• **About this task**: Your reply should hold every entry below exactly as written and none of the pictures.

-- Dataset follows --

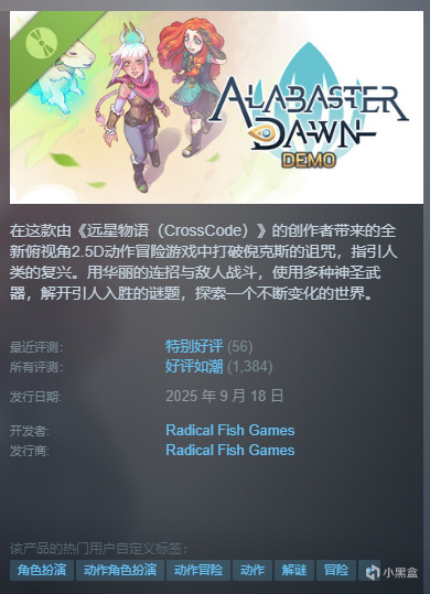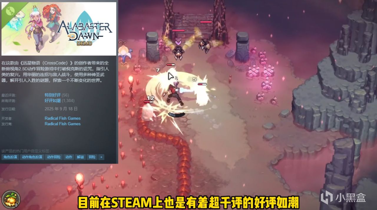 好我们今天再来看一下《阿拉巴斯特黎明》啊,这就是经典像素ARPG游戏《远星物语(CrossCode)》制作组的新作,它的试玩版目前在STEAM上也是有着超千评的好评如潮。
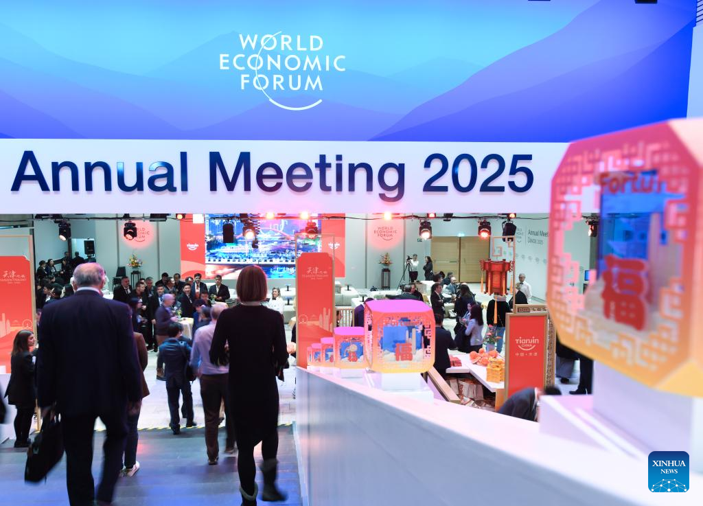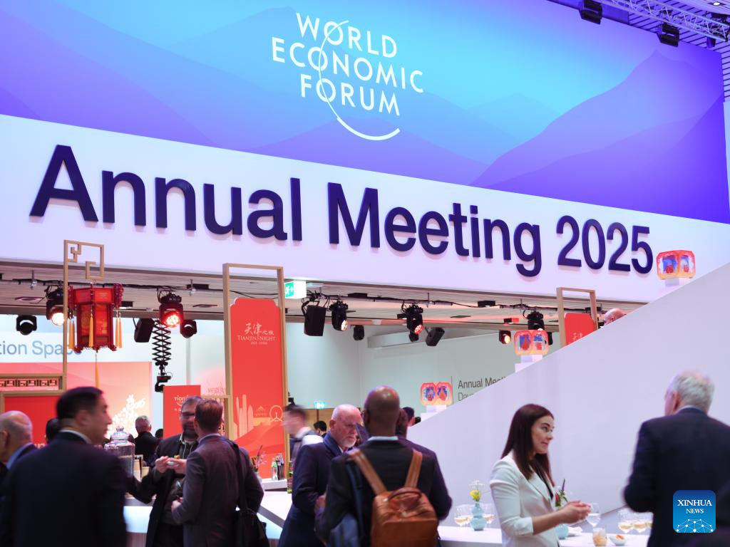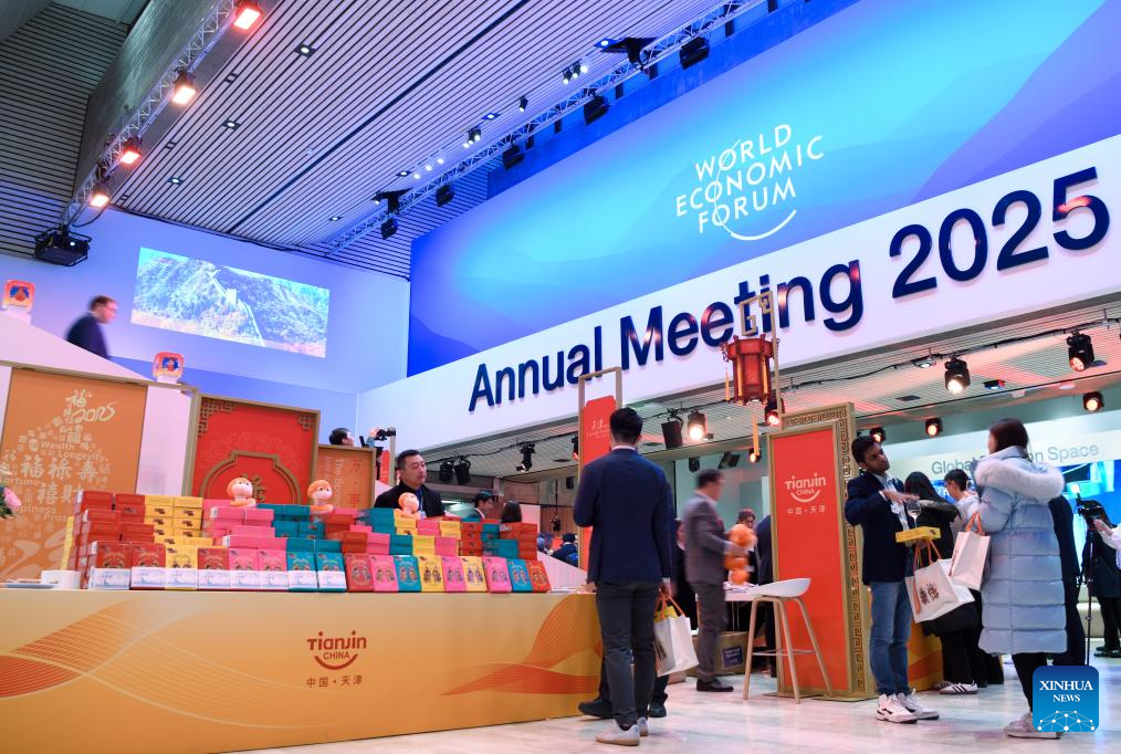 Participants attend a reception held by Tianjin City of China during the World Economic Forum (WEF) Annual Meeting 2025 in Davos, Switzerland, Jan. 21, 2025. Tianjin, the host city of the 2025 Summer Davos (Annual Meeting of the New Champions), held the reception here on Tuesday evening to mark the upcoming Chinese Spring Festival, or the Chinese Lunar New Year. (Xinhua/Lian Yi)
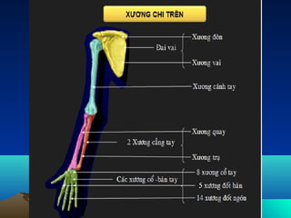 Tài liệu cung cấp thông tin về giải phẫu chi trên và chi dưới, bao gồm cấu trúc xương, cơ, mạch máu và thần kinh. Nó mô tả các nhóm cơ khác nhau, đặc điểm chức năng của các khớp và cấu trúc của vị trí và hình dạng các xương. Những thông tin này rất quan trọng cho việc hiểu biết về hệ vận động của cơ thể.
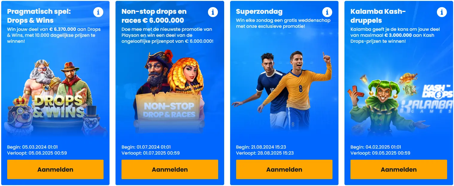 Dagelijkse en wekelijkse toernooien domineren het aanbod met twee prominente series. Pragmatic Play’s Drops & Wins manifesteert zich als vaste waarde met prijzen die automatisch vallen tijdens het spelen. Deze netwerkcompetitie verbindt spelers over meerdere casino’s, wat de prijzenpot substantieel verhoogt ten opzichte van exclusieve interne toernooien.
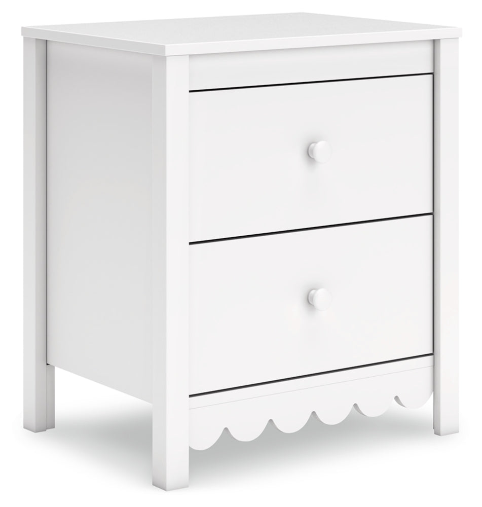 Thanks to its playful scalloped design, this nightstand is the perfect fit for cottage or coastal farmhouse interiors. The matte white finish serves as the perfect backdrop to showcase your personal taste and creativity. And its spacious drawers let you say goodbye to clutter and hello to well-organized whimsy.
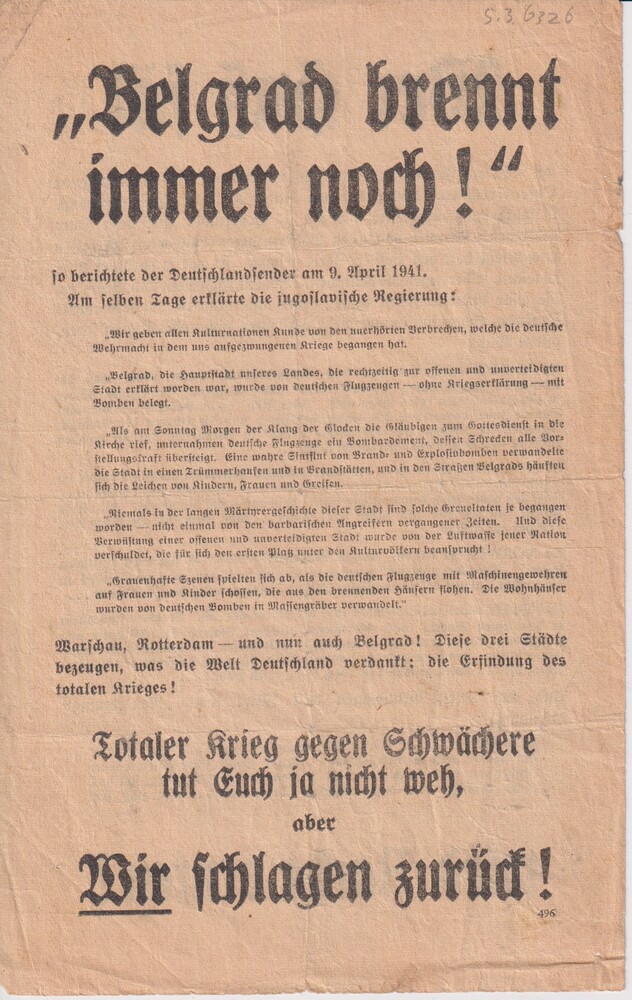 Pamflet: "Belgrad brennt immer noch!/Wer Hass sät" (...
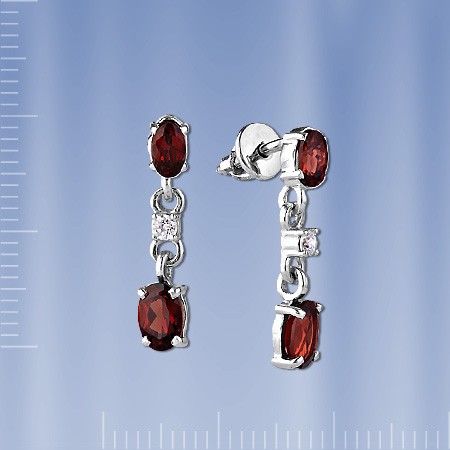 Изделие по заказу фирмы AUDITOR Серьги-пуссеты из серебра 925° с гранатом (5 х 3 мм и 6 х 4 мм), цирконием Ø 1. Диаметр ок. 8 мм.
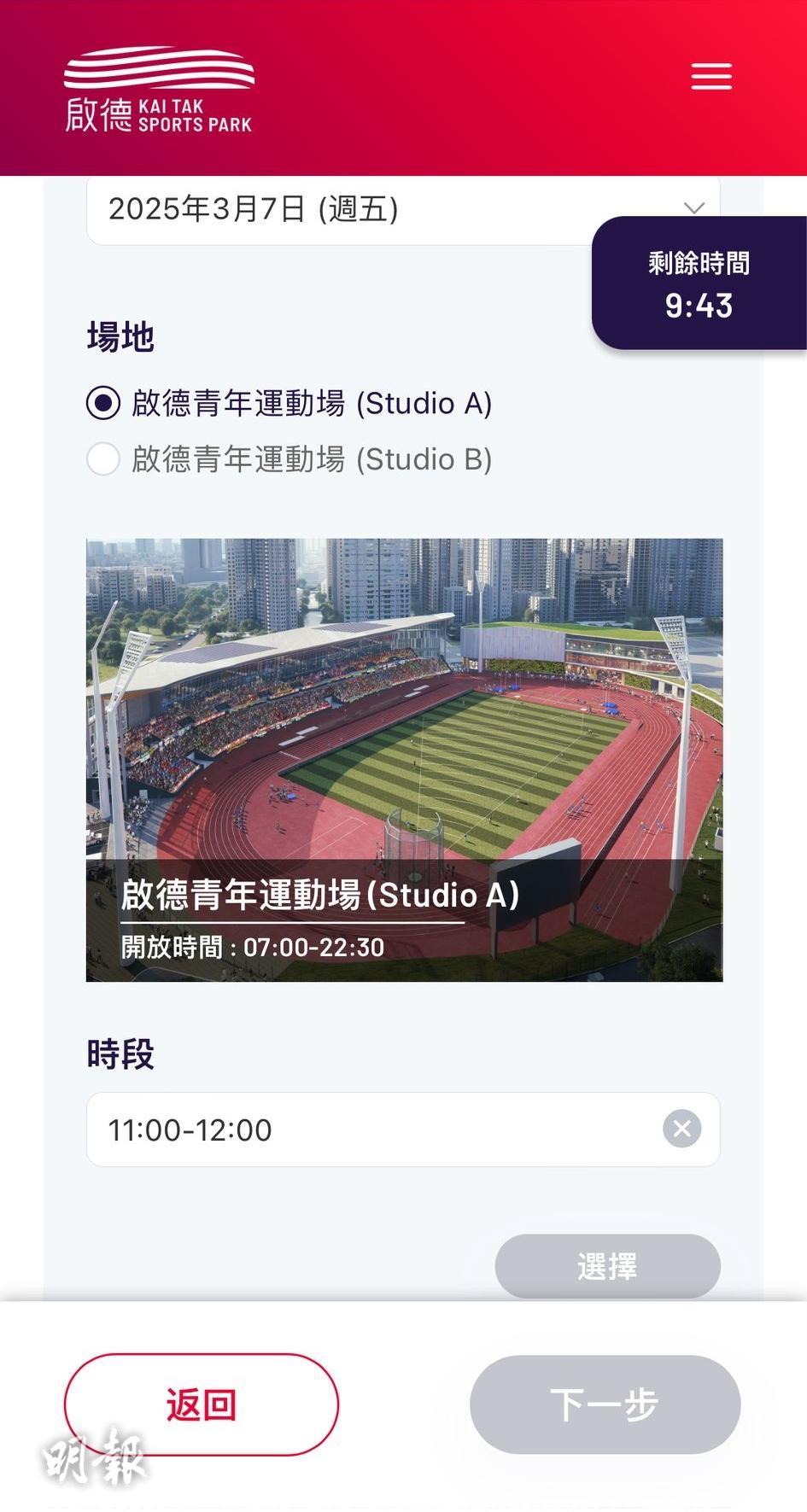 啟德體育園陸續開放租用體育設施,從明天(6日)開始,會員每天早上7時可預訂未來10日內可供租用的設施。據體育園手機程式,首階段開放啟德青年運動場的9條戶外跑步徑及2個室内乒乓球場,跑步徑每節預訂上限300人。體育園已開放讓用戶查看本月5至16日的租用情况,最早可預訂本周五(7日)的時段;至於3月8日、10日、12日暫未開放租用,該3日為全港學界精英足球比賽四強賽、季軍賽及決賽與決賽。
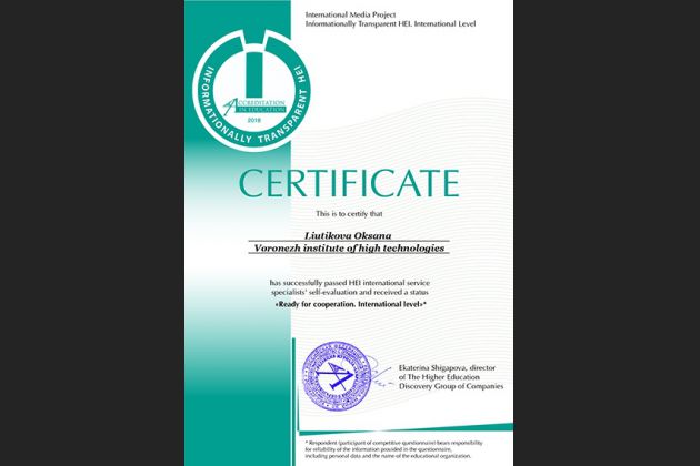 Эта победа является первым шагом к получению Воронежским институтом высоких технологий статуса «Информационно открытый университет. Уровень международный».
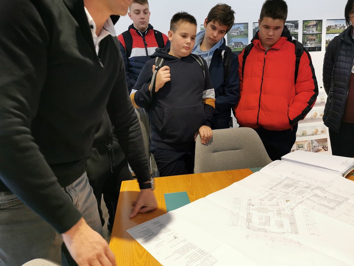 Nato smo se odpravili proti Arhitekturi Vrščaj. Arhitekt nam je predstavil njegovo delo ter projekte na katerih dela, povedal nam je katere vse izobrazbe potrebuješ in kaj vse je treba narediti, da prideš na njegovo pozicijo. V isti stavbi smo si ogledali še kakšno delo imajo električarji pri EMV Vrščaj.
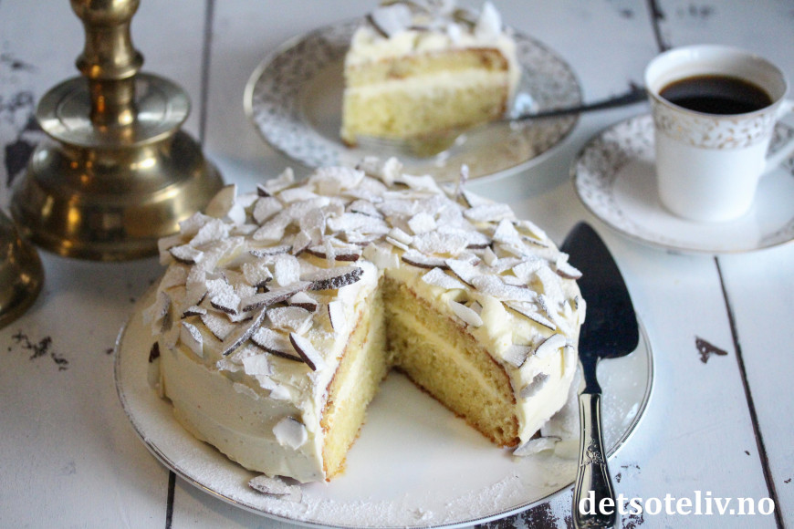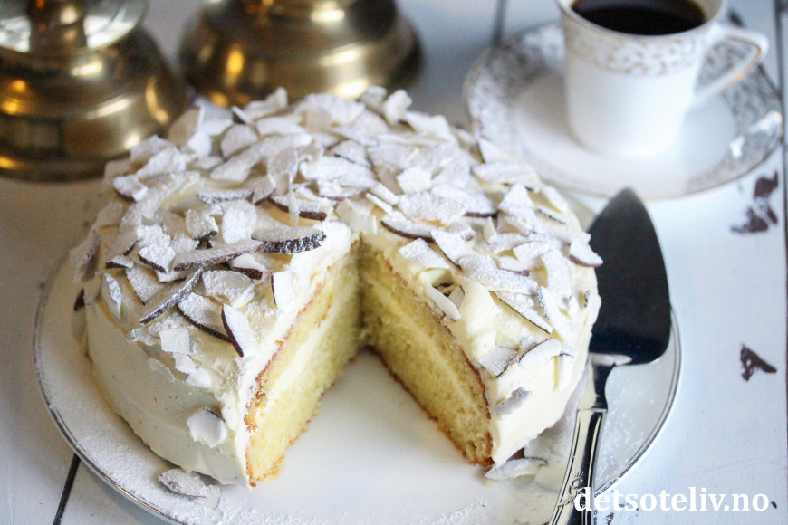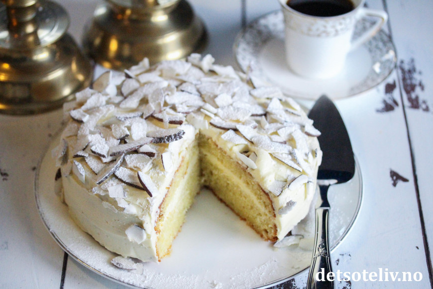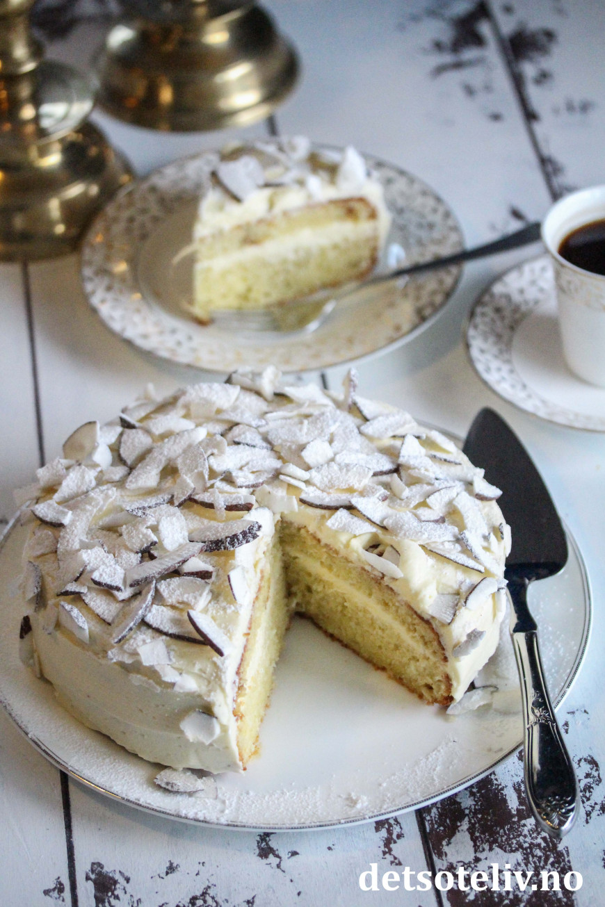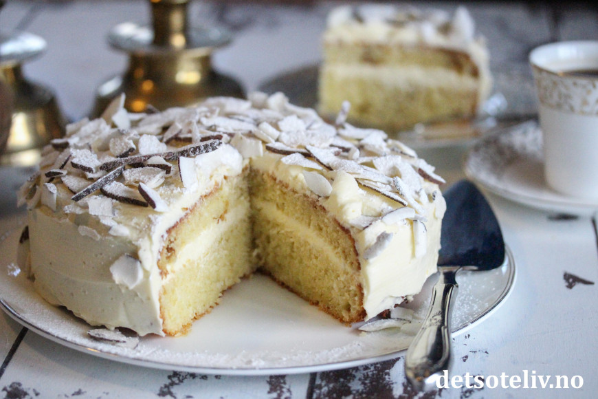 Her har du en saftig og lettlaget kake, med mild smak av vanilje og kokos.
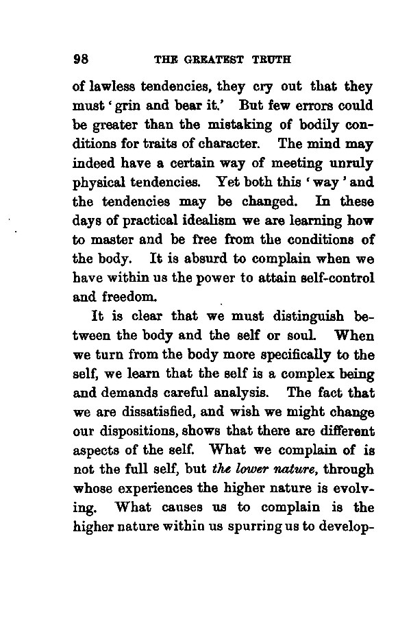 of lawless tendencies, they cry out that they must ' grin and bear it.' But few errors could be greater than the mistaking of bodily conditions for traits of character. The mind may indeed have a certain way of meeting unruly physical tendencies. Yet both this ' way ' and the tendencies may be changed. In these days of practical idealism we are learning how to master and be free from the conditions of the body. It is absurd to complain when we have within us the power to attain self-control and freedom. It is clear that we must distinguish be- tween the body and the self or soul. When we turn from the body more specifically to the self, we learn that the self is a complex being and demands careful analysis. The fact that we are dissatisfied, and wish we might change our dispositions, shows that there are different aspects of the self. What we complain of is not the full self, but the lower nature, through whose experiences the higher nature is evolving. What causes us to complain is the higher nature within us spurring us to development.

-- Dataset concluded --

• **Output of the exercise**:
 好我们今天再来看一下《阿拉巴斯特黎明》啊,这就是经典像素ARPG游戏《远星物语(CrossCode)》制作组的新作,它的试玩版目前在STEAM上也是有着超千评的好评如潮。
 Participants attend a reception held by Tianjin City of China during the World Economic Forum (WEF) Annual Meeting 2025 in Davos, Switzerland, Jan. 21, 2025. Tianjin, the host city of the 2025 Summer Davos (Annual Meeting of the New Champions), held the reception here on Tuesday evening to mark the upcoming Chinese Spring Festival, or the Chinese Lunar New Year. (Xinhua/Lian Yi)
 Tài liệu cung cấp thông tin về giải phẫu chi trên và chi dưới, bao gồm cấu trúc xương, cơ, mạch máu và thần kinh. Nó mô tả các nhóm cơ khác nhau, đặc điểm chức năng của các khớp và cấu trúc của vị trí và hình dạng các xương. Những thông tin này rất quan trọng cho việc hiểu biết về hệ vận động của cơ thể.
 Dagelijkse en wekelijkse toernooien domineren het aanbod met twee prominente series. Pragmatic Play’s Drops & Wins manifesteert zich als vaste waarde met prijzen die automatisch vallen tijdens het spelen. Deze netwerkcompetitie verbindt spelers over meerdere casino’s, wat de prijzenpot substantieel verhoogt ten opzichte van exclusieve interne toernooien.
 Thanks to its playful scalloped design, this nightstand is the perfect fit for cottage or coastal farmhouse interiors. The matte white finish serves as the perfect backdrop to showcase your personal taste and creativity. And its spacious drawers let you say goodbye to clutter and hello to well-organized whimsy.
 Pamflet: "Belgrad brennt immer noch!/Wer Hass sät" (...
 Изделие по заказу фирмы AUDITOR Серьги-пуссеты из серебра 925° с гранатом (5 х 3 мм и 6 х 4 мм), цирконием Ø 1. Диаметр ок. 8 мм.
 啟德體育園陸續開放租用體育設施,從明天(6日)開始,會員每天早上7時可預訂未來10日內可供租用的設施。據體育園手機程式,首階段開放啟德青年運動場的9條戶外跑步徑及2個室内乒乓球場,跑步徑每節預訂上限300人。體育園已開放讓用戶查看本月5至16日的租用情况,最早可預訂本周五(7日)的時段;至於3月8日、10日、12日暫未開放租用,該3日為全港學界精英足球比賽四強賽、季軍賽及決賽與決賽。
 Эта победа является первым шагом к получению Воронежским институтом высоких технологий статуса «Информационно открытый университет. Уровень международный».
 Nato smo se odpravili proti Arhitekturi Vrščaj. Arhitekt nam je predstavil njegovo delo ter projekte na katerih dela, povedal nam je katere vse izobrazbe potrebuješ in kaj vse je treba narediti, da prideš na njegovo pozicijo. V isti stavbi smo si ogledali še kakšno delo imajo električarji pri EMV Vrščaj.
 Her har du en saftig og lettlaget kake, med mild smak av vanilje og kokos.
 of lawless tendencies, they cry out that they must ' grin and bear it.' But few errors could be greater than the mistaking of bodily conditions for traits of character. The mind may indeed have a certain way of meeting unruly physical tendencies. Yet both this ' way ' and the tendencies may be changed. In these days of practical idealism we are learning how to master and be free from the conditions of the body. It is absurd to complain when we have within us the power to attain self-control and freedom. It is clear that we must distinguish be- tween the body and the self or soul. When we turn from the body more specifically to the self, we learn that the self is a complex being and demands careful analysis. The fact that we are dissatisfied, and wish we might change our dispositions, shows that there are different aspects of the self. What we complain of is not the full self, but the lower nature, through whose experiences the higher nature is evolving. What causes us to complain is the higher nature within us spurring us to development.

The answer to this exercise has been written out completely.